Very similar: How Is PHP Done the Right Way?
Scalability is no small subject and certainly more material than can be reasonably covered in a single question.
For instance, with some kinds of applications, joins (in SQL) don't scale, which brings up all sorts of caching and sharding strategies.
Beanstalk is another scalability and performance tool in high-performance PHP sites. As is memcache (different kind).
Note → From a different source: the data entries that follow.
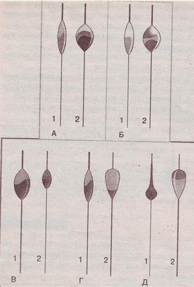 Рис. 4. Поплавок А заметить верхней части легче, чем поплавок Б Из всего вышесказанного следует, что чем тоньше будет верхушка поплавка, то бишь его часть, которая огружается «подпаском», тем поплавок будет более чувствительным к поклевке «на подъем». Чувствительность к этому типу поклевки зависит и от грузоподъемности (инерции) поплавка. Также она зависит и от площади поверхности и лобового сопротивления поплавка, но в меньшей степени, чем при поклевке «на потоп». Меньшая степень зависимости от этих факторов (площадь поверхности и лобовое сопротивление) объясняется меньшей скоростью всплытия поплавка, в отличие от скорости погружения. И при том, и при другом типах поклевки чувствительность зависит от силы поверхностного натяжения воды. На границе перехода тела поплавка из водной среды в воздушную образуется водяной мениск (за счет несмачиваемости поверхности поплавка), который мешает как погружению, так и всплытию поплавка. Вышеуказанная сила будет тем меньше, чем меньше будет диаметр тела поплавка в сечении по уровню воды. То есть, чем верхняя часть поплавка тоньше, тем меньше эта сила и тем чувствительнее поплавок. Из всего, что было сказано о чувствительности поплавков, можно сделать вывод: если не брать в расчет силу трения воды о поверхность поплавка, то при любых обстоятельствах, чем поплавок тоньше, чем он больше напоминает «иглу», чем меньше у него максимальный диаметр, тем он чувствительнее. Процентное соотношение сил, влияющих на чувствительность, определяется весьма трудно. Оно зависит от множества факторов (температура воды, скорость поклевки и прочее). Знания по этому поводу относятся к области гидродинамики при малых скоростях и к области гидростатики. Проводить подобные исследования на этих страницах не имеет смысла, поэтому я остановлюсь только на ориентировочных, полученных из опыта, заключениях, не претендующих на научные изыскания. Я думаю, что более чем 10-летний опыт общения со спортивными поплавками позволяет мне сделать следующие выводы: 1. От 60 до 70 % играет роль сила инерции (грузоподъемность, объем). 2. Лобовое сопротивление при поклевке «на потоп» — 15–20 %, «на подъем» — 5 %. 3. Форма верхней части поплавка имеет значение только при поклевке «на подъем» — около 20% 4. Поверхностное натяжение — от 10 до 20 %. 5. Сила трения играет самую малую роль в чувствительности поплавка — около 5 %. Следовательно, вывод о том, что чем поплавок меньше размером и чем больше он напоминает «иглу» — тем он чувствительнее, оказывается верным (рис. 5). Рис. 5. Сравнение поплавков разных форм по чувствительности: А — при поклевке «на потоп» лобовое сопротивление у поплавка 1 меньше, чем у поплавка 2. Поплавок 1 чувствительнее; Б — если поплавок 1 равен по объему поплавку 2, то у поплавка 1 площадь поверхности, а следовательно, и сила трения, будет больше, чем у поплавка 2. Поплавок 2 чувствительнее; В — инертность (грузоподъемность) у поплавка 2 будет меньше, чем у поплавка 1. Поплавок 2 чувствительнее; Г — при поклевке «на подъем» лобовое сопротивление у поплавка 1 меньше, чем у поплавка 2. Поплавок 1 чувствительнее; Д-при поклевке «на подъем» поплавок 1 всплывает выше, чем поплавок 2. Поплавок 1 чувствительнее Теперь, когда мы разобрались в том, что же такое чувствительность и от чего она зависит, следует вспомнить еще одну характеристику попла
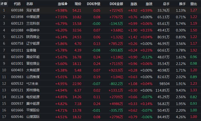 9月5日,煤炭行業漲幅居首達5.29%。其中,兗礦能源、中煤能源、蘭花科創、中國神華、陜西煤業等個股漲幅居前,均超6%。
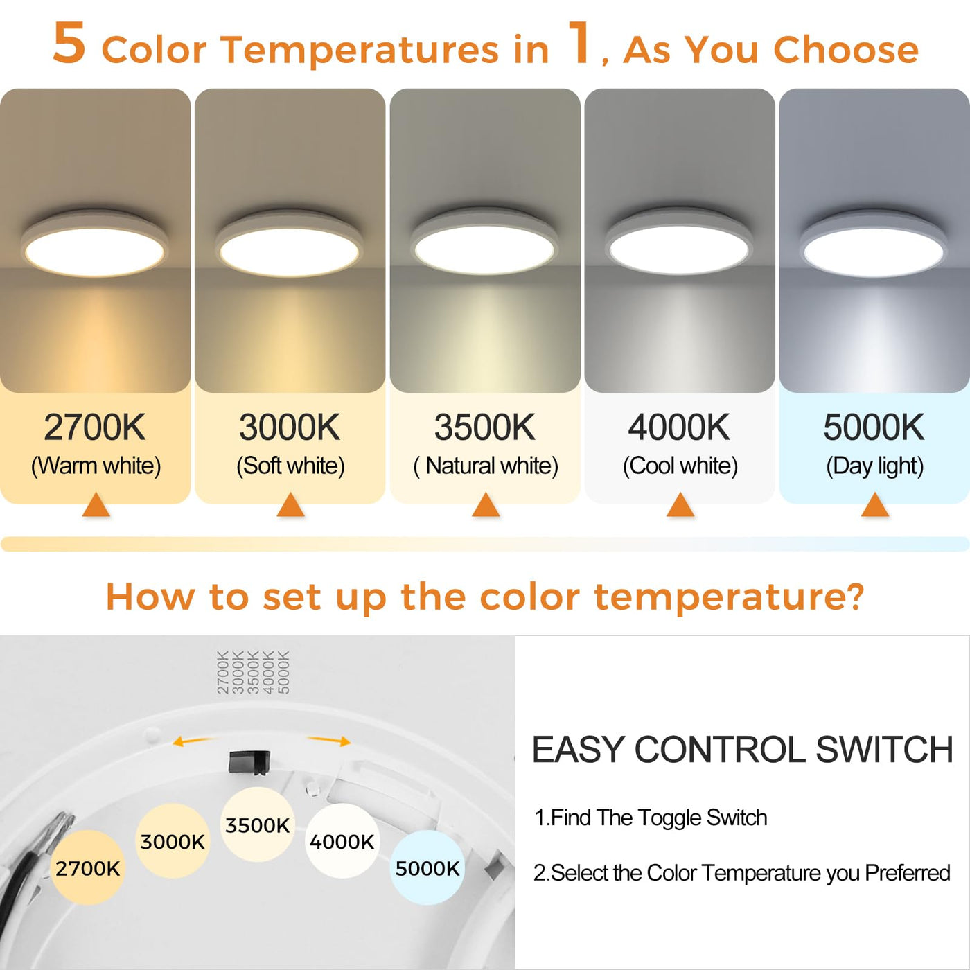 Q: What are the different color temperatures available for the 8PACK Flush Mount Ceiling Light?A: The 8PACK Flush Mount Ceiling Light offers three adjustable color temperatures: 3000K (warm white), 4000K (neutral white), and 6500K (daylight white). You can easily switch between these settings by sliding the button on the back of the light.

The biggest problem for scalability is usually shared resources like DBMS's. The problem arises because DBMS's usually have no way to relax consistency guarantees.
If you want to increase scalability when you use something like MySQL you have to change your schema design to relax consistency.
For instance, you can separate your database schema to have your normalized data model for writes, and a replicated read only denormalized part for the 90% of read operations. The read only data can be spread over several servers.
Another way to increase scalability of a database is to partition the data, e.g. separate the data into a database for every department and aggregate them either in the ORM or in the DBMS.
In order of importance:
If you run PHP, use an opcode cache like APC. (This is important enough to be built-in in the next generation of PHP.)
Use YSlow or Google Page Speed to identify bottlenecks. (This will reveal structural problems with your website that affect both client and server performance.)
Ensure that your web server sends a proper Expires header for static content (images, Javascript, CSS), such that the browser can cache it properly. (YSlow will warn you about this, too.)
Use an HTTP accelerator, such as Varnish. (This picture says it all – and they already had an HTTP accelerator in place.)
Develop your site using solid OOP techniques. You will need your site to be modular as not all performance bottlenecks are obvious at the start. Be ready to refactor parts of your site as traffic increases. The first sentence I wrote will help you do it more easily and safely. Also, use test driven development, As refactor means new introduced bugs, and good TDD is good in catching them before they go into production.
Separate as much as possible client side code from server side code, as they will likely to be served from different servers, if your site traffic justify this.
Read articles (read the YSlow tips for instance).
GL
In addition to the other suggestions, look into splitting your sites into tiers, as in multitier architecture. If done right, you can then use one server per tier.